The script I'm using is:

python run.py with data_root='./dataset/cmumosei/' gpus=[1] num_nodes=1 task_cls_mosei \
per_gpu_batchsize=1 num_workers=16 val_check_interval=0.2 warmup_steps=100 max_epoch=10 \
load_hub_path='TVLT.ckpt'

After I launch the script, I noticed at epoch 0, step 256, the output all becomes nan for some reason. I printed out the result at https://github.com/zinengtang/TVLT/tree/main/model/modules#L165. After a number of iterations, the output becomes something like:

{'mosei_loss': tensor(nan, device='cuda:1', grad_fn=<MseLossBackward0>), 'mosei_score': tensor([[nan]], device='cuda:1', grad_fn=<AddmmBackward0>), 'mosei_labels2': tensor([1], device='cuda:1')

This has resulted in the whole model parameter turning into nan. Are there any steps I'm missing? Any tips will be helpful! Thanks:)
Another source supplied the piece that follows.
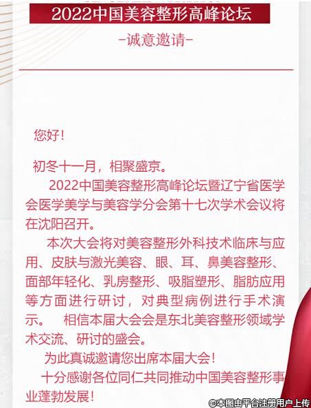 2022中國美容整開高峰論壇暨遼寧省醫(yī)學(xué)會醫(yī)學(xué)美學(xué)與美容學(xué)分會第十七次學(xué)術(shù)會議邀請函

Yimi81 commented 1 year ago

the same question

zinengtang commented 1 year ago

What (audio or video) sequence length did you use? Usually, the larger the more unstable. The attention mask operation here could be unstable especially in some settings like mixed precision: attn = attn.masked_fill(~mask[:, None, None, :].bool(), float('-inf')) You can chang float('-inf') to -1e8.

BDHU commented 1 year ago

Thank you for the response. Also a side question, is there any reason to choose batch size 1 (per_gpu_batchsize=1) in the finetune_mosei.sh?

zinengtang commented 1 year ago

per_gpu_batchsize=1 is the optmizal batch size to fit in the memory, which you can change. batch_size is the total batch size that combines gradient accumulation and per_gpu_batchsize * gpu_number.